History, Research, and Current Themes


"The world needed John Brown and John Brown came, and time will do him justice." Frederick Douglass (1886)

Search This Blog & Links

Translate

Wednesday, May 31, 2006

A Visit to John Brown’s
Pennsylvania home



Perhaps the least understood and explored chapter in John Brown’s biography is his decade as a resident of Crawford County, Pennsylvania, from about 1826-35. In late 2003, I was privileged to visit the lovely town of Meadville, Pennsylvania, where I was invited by the John Brown Historical Association and the Crawford County Historical Society. My special hosts were local historians Anne Stewart and Ed Edinger, who graciously toured me around the community with special attention to the sites pertaining to Brown’s role in local history.


Brown students will recall that he moved his young family from Ohio over to this northwestern Pennsylvania community in his mid-twenties, where he established himself as a businessman, community leader, postmaster, and church founder in Crawford County. It was in the Meadville area that Brown buried his first wife, Dianthe Lusk, and two children, and subsequently married Mary Ann Day, his faithful wife who supported him in his later militant efforts as a freedom fighter until his death in 1859.


Notable from my tour was the Brown gravesite, the remnants of Brown’s tannery, and the nearby John Brown farm and museum owned by Gary and Donna Coburn. For research purposes, the archives of the Crawford County Historical Society are a rich resource on Meadville in Brown’s era, as are the John Brown papers, a small but notable collection in the Allegheny College Library. This collection includes some original Brown letters and copies of his extensive correspondence with his business associate, Seth Thompson. (The original letters to Thompson are held in the Atlanta University Library.)

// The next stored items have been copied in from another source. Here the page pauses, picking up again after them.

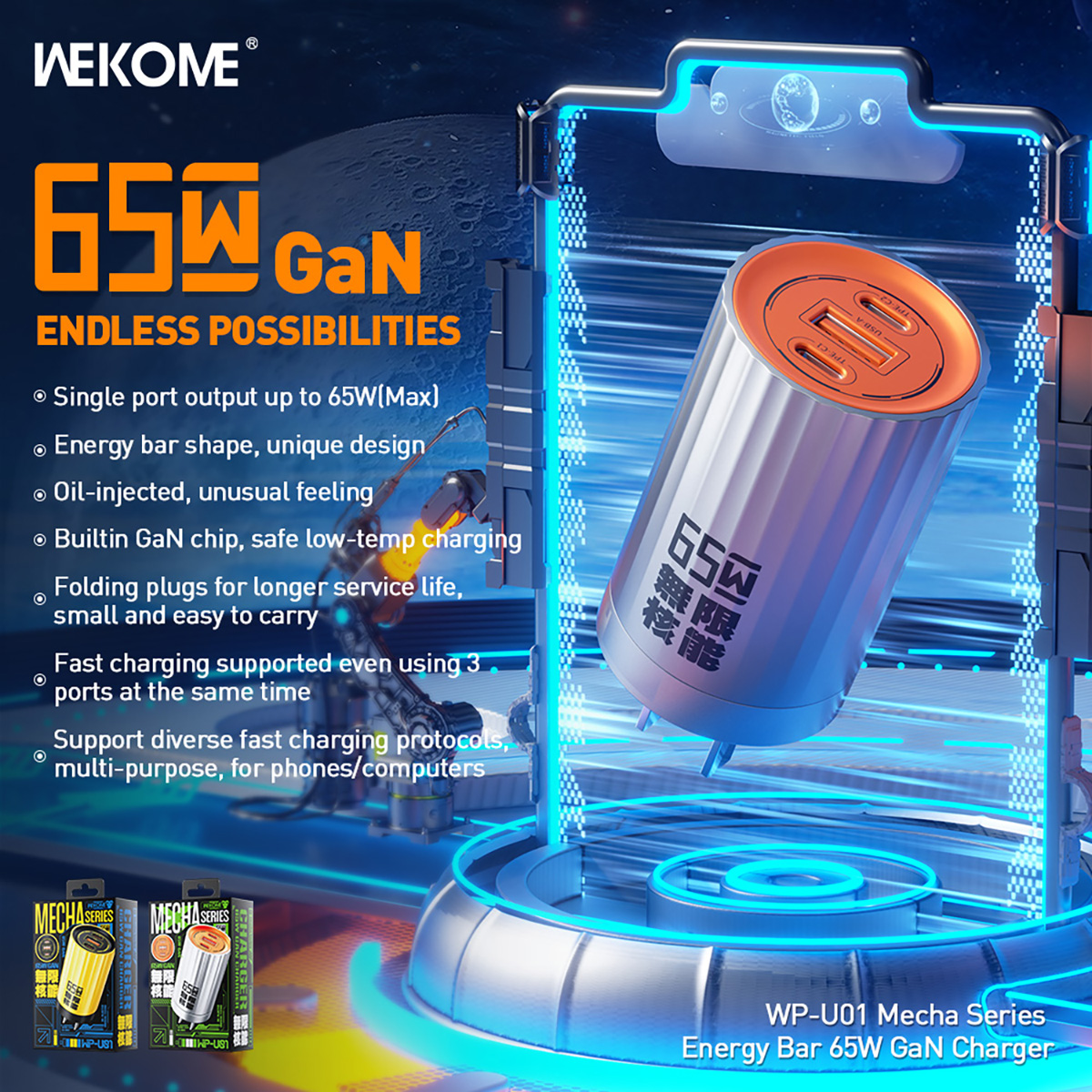 65W GaN USB-C Charger – Energy Bar Style Multi-Port Fast Charger (Silver)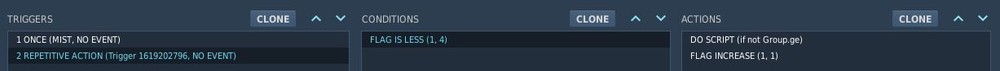 I'm trying to create a trigger that respawns a bad guy group 3 times only. I'm using a simple respawn a group if dead MIST script along with flag values. I attached a screenshot. I can't understand why this is not working. Help!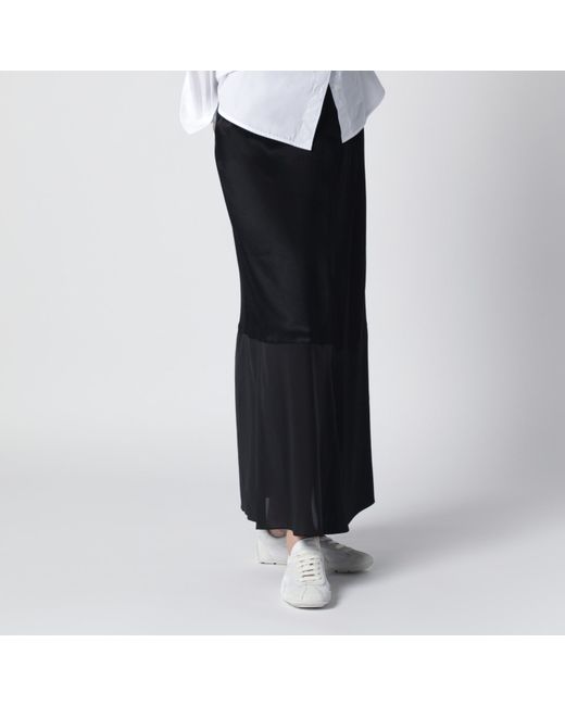 Black skirt by 6397, featuring a patchwork design with mixed fabrics creating glossy and matte areas, a sheer panel at the hem, a slightly A-line fit to the ankle and zip closure.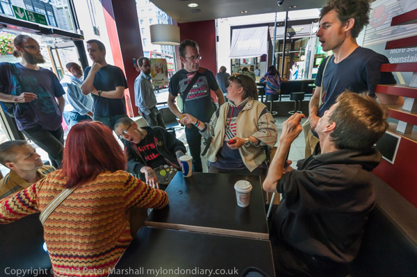 Activists meet up in a McDonalds not far from the BBC
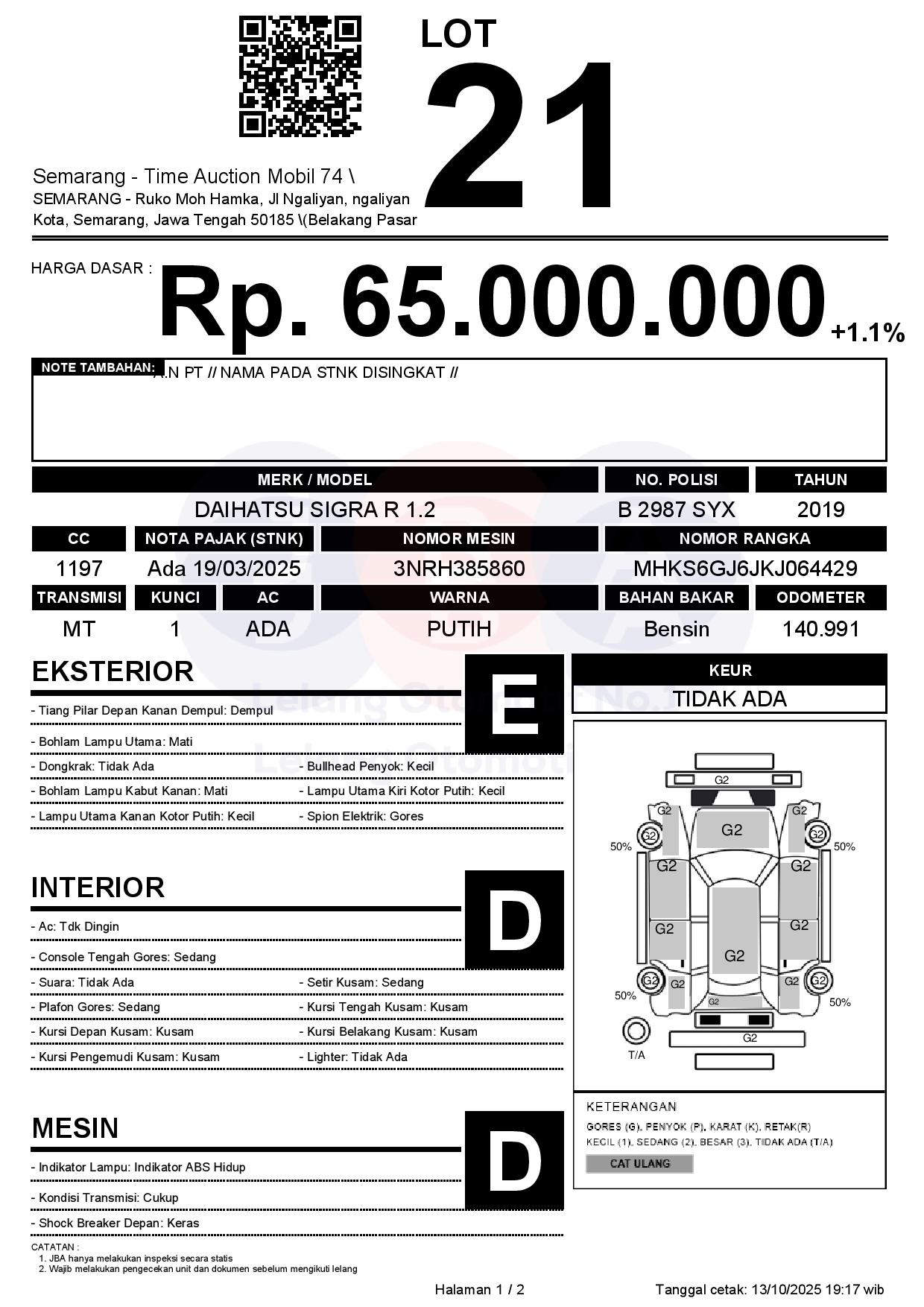 - Kondisi objek lelang dilelang apa adanya, baik kondisi fisik, mesin maupun legalitas kendaraan. Jika terdapat kekurangan/cacat baik yang terlihat maupun yang tidak terlihat, maka semua akan menjadi tanggung jawab/risiko Pemenang Lelang. Oleh karena itu, Pemenang Lelang melepaskan segala hak untuk menuntut dan/atau meminta ganti rugi atas hal tersebut kepada JBA.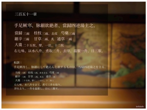 今回の傷寒論は弁厥陰病脈証并治 三百五十一章。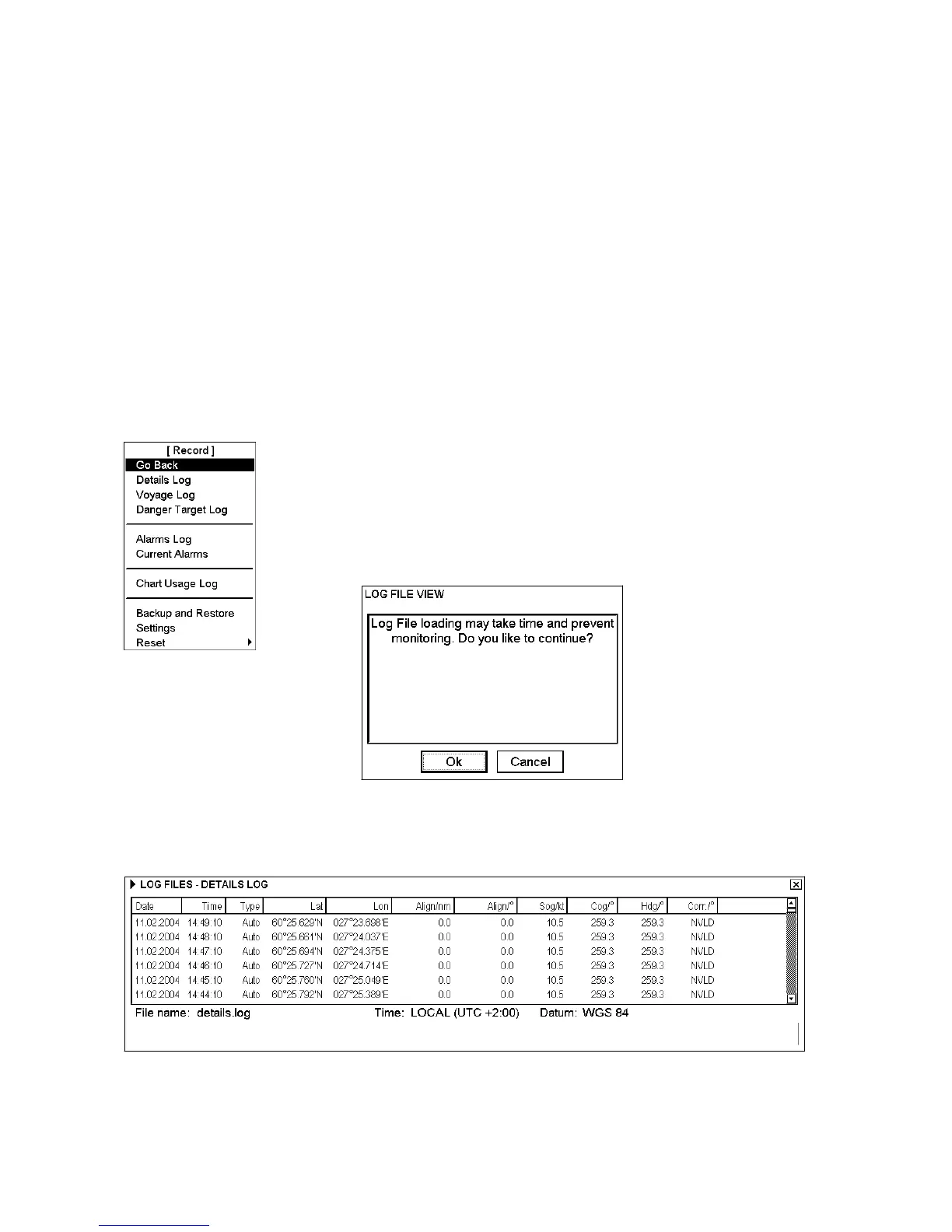 The details log contains voyage information of the last 12 hours. Various information is recorded in the details log

As noted, Anne Stewart and Ed Edinger are important resource persons, not only for the John Brown story, but the history of their community. Stewart has written perhaps the definitive scholarly article on Brown’s Meadville years in The Journal of Erie Studies (Fall 2002), where she has made a detailed analysis of the period, 1827-36. The profile that emerges is of a conservative, orthodox, business-minded young man, not given to abolitionist organizations or the kind of militant activism that he later promoted in the 1840s in Springfield, Mass. (Incidentally, Anne has rightly scored me on a number of factual errors in my own chapter on Brown’s Pennsylvania years—the unfortunate result of depending on a less reliable scholarly article.) Stewart makes a strong and formidable appeal to the record and facts of Meadville’s history in her portrayal of Brown, and certainly takes issue with those who contend that his militancy emerged during this period. While I continue to believe that Brown engaged in some justice-oriented activism during this period, I must concur that the more outspoken, militant figure of later years had not yet emerged during the Pennsylvania period. Every reader is advised to contact the Erie County Historical Society (417 State St., Erie, Pa., 16501) and order this essential scholarly article.


Ed Edinger, along with Mark Peaster and other colleagues in the John Brown Heritage Association, have made notable contributions in The John Brown Newsletter, an excellent resource for students, scholars, and John Brown enthusiasts. Inquires can be made by writing to JBHA, c/o Ed Edinger, 291 Park Ave., Meadville, Pa., 16335.


Serious students are strongly advised to make their own sojourn to Meadville, Pennsylvania, to visit these valuable sites and deepen their research into Brown’s life. Perhaps John Brown’s Crawford County is no more, but the record and vestiges of this chapter are still rich and noteworthy.▪ (photos by L. DeCaro Jr.)